Level 1 Calculated Percent Similarity
The SeqAPASS algorithms submit the query to NCBFs standalone BLASTp (using default settings,
including BLOSUM-62 matrix), which aligns the query protein with all proteins available in the NCBI
protein database and provides a variety of metrics associated with each pairwise alignment between the
query and hit sequences. SeqAPASS selectively captures output from BLASTp, including one sequence
per species with the highest bit score. Detailed descriptions of metrics derived from BLASTp (e.g.,
BLASTp Bitscore, E-Value, Positives, Identity, Hit length) can be found in:
The NCBI Handbook: (http://www.ncbi.nlm.nih.gov/books/NBK21106/);
BLAST® Help: (http://www.ncbi.nlm.nih.gov/books/NBK62051/) and the
NCBI Glossary Field Guide: (http://www.ncbi.nlm.nih.gov/Class/FieldGuide/glossary.html)

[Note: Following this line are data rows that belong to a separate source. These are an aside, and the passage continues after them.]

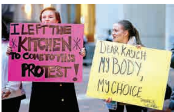
▲女性示威者抗議卡西奇歧視女性的言論

倫齊對羅西獲獎表示祝賀，他說，這部紀錄片的主題值得我們所有人關注。他打算在下月初舉行的歐盟與土耳其關於難民危機的特別首腦會議期間，送給其他27個歐盟國家領導人每人一張DVD。「我希望他們能抽出時間看一看，然後可能會以不同的思路討論問題」。
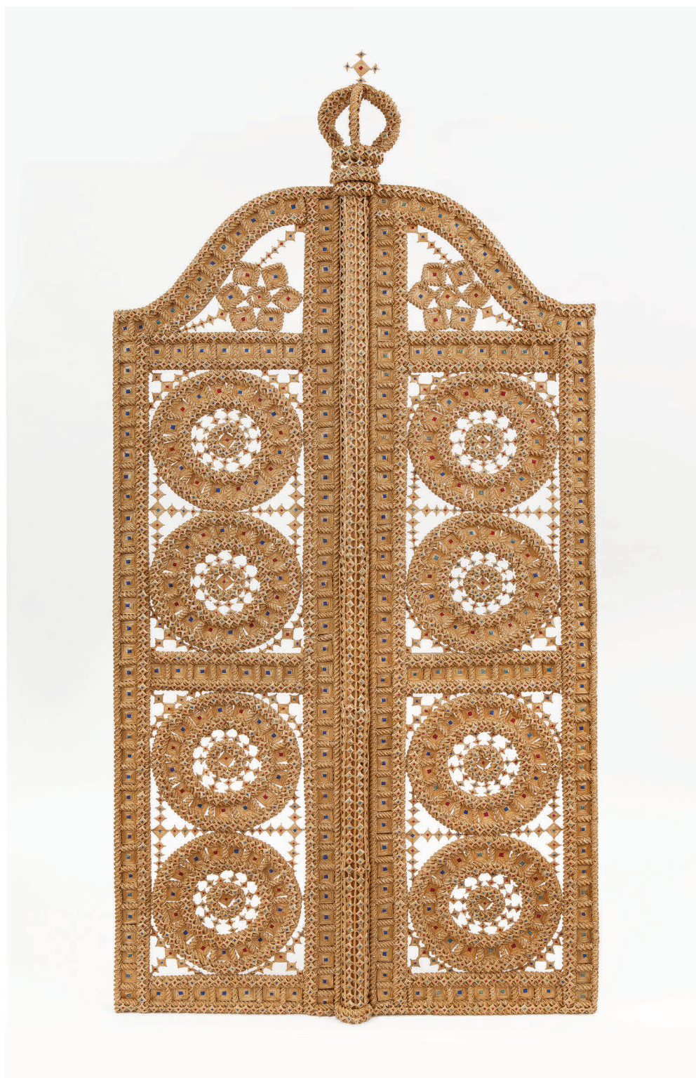
Il. 9. Kopia carskich wrót ze wsi Lemieszewicze, powiat piński, obwód brzeski, 2006 rok; autorka Larysa Łoś. Narodowe Muzeum Sztuki Republiki Białoruś, fot. Dzmitry Kazłow [Дзмітры Казлов].
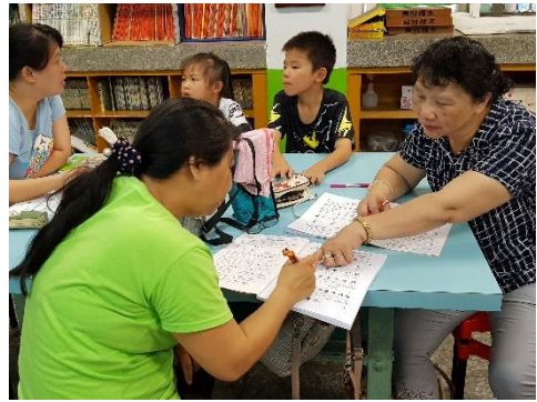
同學認真討論，學客語盡煞猛！
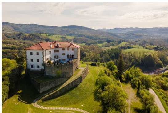
10.slika: Grad prem

Grad Prem se nahaja na slemenu nad reko Reko, na obrobju Brkinov. Za obiskovalce je dostopen z avtomobilom, parkirišče pa je na voljo v bližini gradu. Grad Prem je idealna destinacija za ljubitelje zgodovine, arhitekture in narave ter ponuja nepozabno doživetje za vse generacije.
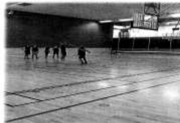
I skidstadens speglades det hälsat

The top row of the Level 1 data corresponds to the queried protein selected by the user. For each sequence
queried, the Level 1, top row query sequence is used to determine the maximum bitscore for the analysis,
which is derived from aligning the query sequence to itself using BLASTp. To calculate percent
similarity, the bitscore for each hit sequence is normalized to the maximum bit score and then multiplied
by 100.
Note: SeqAPASS v2.0 and newer parse the BLASTp query and hit accessions to identify all the
species/accessions from the identical proteins. Therefore, if a hit sequence represents multiple species, all
species with the identical sequence will be found in the data table for Level 1 and Level 2. To determine
which sequence/species was identified from BLASTp as a hit and which sequence/species was parsed
from the identical sequence, view the "Full Report" for Level 1 or Level 2, column "Identical Protein,"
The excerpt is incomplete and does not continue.